The answer, Lewis explains, is that Musk brilliantly “performs the cultural role of genius”, not least by affronting societal norms. As she puts it in one of her funnier asides, “Elon Musk has more than a dozen children, with names like X EA A-Xii and Exa Dark Siderael. Tim Berners-Lee’s children are called Alice and Ben.”
By flamboyantly embodying the stereotype of the disrupter genius, Musk draws on an idea with a long cultural history and a dark underbelly. Genius theory has been used in the past to justify eugenics, to exclude people on the basis of race or gender, and to excuse moral failings.
Lewis isn’t, by the way, out to debunk the value of Shakespeare’s plays, Newton’s Principia or Picasso’s paintings. She doesn’t deny that some individuals have created world-changing work. Her beef is with the myth of the lone genius and the unspoken assumption that genius means that some people are innately better than others.
For the Romans and Greeks, genius was something you had: a tutelary deity outside yourself. Only in the Romantic period did the notion that you could be a genius take off — although it had been brewing for a while. In Renaissance Italy, art had previously been seen as a workshop-based craft until Giorgio Vasari’s Lives of the Artists (1550) lent mystique and status to its author’s own profession by singling out the personal oddities of Michelangelo and Leonardo to explain their brilliance.
Although Lewis worries that genius is a “right-wing” concept today, it was originally a democratic idea, staking the claims of lower-born talent over noble birth in traditionally stratified societies. The irony is that the notion of geniuses as “nature’s elect” had, by the 19th century, brought the idea of breeding back into the equation in works such as Francis Galton’s Hereditary Genius. The rise of IQ testing followed, as pseudoscience attempted to subject genius to quantification.
Galton was peculiarly myopic when it came to the role of cultural environment (and nepotism) in creating high-achieving individuals. Another Victorian researcher thought you could quantify genius by using a ruler to measure entries in a biographical dictionary of famous people, with the longest meaning best. On that basis, Jane Austen, who spent her life in uneventful genteel retirement, wouldn’t make the grade. Later, Lewis Terman, author of Genetic Studies of Genius, recruited “gifted” children for a research study in California. He rejected two future Nobel Prize-winners due to deficient IQ scores.
Helen Lewis is not the first to discredit such ideas. When asked what his IQ was, Stephen Hawking replied, “I have no idea. People who boast about their IQ are losers”.

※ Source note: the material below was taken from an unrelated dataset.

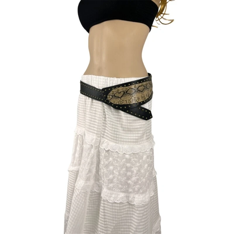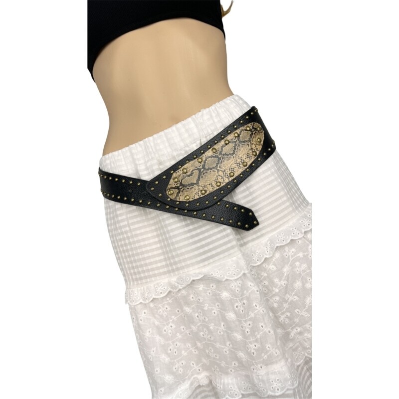 Features: Modern studded wide waist belt for women and girls. Unique wide belt and cool studs, easily pair with your cloth. Add highlight to your everyday look with our fashionable belt. Show your figure, such as party, nightclub, anniversary... You can measure your waist before you buy to avoid trouble with subsequent purchases. Specifications: Component: PU Length: Approx.103cm/40.55inch Quantity: pc Package Includes: 1x Waist Chain note: 1.Please allow 1-2cm errors due to manual measurement, note that you donot mind before you order. 2.Due to the differences between different monitors, the picture may not reflect the actual color

But this book offers new texture to the story. Drawing on reception studies and the sociology of science, Lewis wants us to see genius as a cultural rather than individual phenomenon — both in terms of where exceptional creativity comes from and in terms of how “geniuses” get iconised. She’s fascinated by what Brian Eno dubbed the “scenius”: the contextual web of contacts and ideas in which creative epiphanies happen. Tolstoy, for example, could not have written War and Peace without the efforts of his wife Sophia (also known as Sonya). Women, unsurprisingly, get short shrift in the history of genius, whether as collaborators or in their own right.
Tim Berners-Lee has ascribed his own tech breakthrough to the “scenius”: “Most of the technology involved in the web . . . had been designed already. I just had to put them together.” In his own day, Shakespeare was a team player, a first among equals, described as a “friend and fellow worker” by the editors of the First Folio. He was canonised as “the Bard” only in the 18th century when the actor David Garrick put on his highly publicised Shakespeare festival. The role of PR in establishing the specialness of genius should not be underestimated.
Other issues touched on in this wide-ranging book include the perceived closeness of genius to madness and the role of luck and timing. Lewis’s enthusiasm can lead to overly sweeping statements, such as “the Industrial Revolution led to capitalism”. But her voice, which reflects her experience as a journalist and podcaster, is fresh and unpretentious: more conversational and raggedy than the smooth rhetorical sleight-of-hand that once made Malcolm Gladwell — who posed some of the same questions in Outliers — into a guru.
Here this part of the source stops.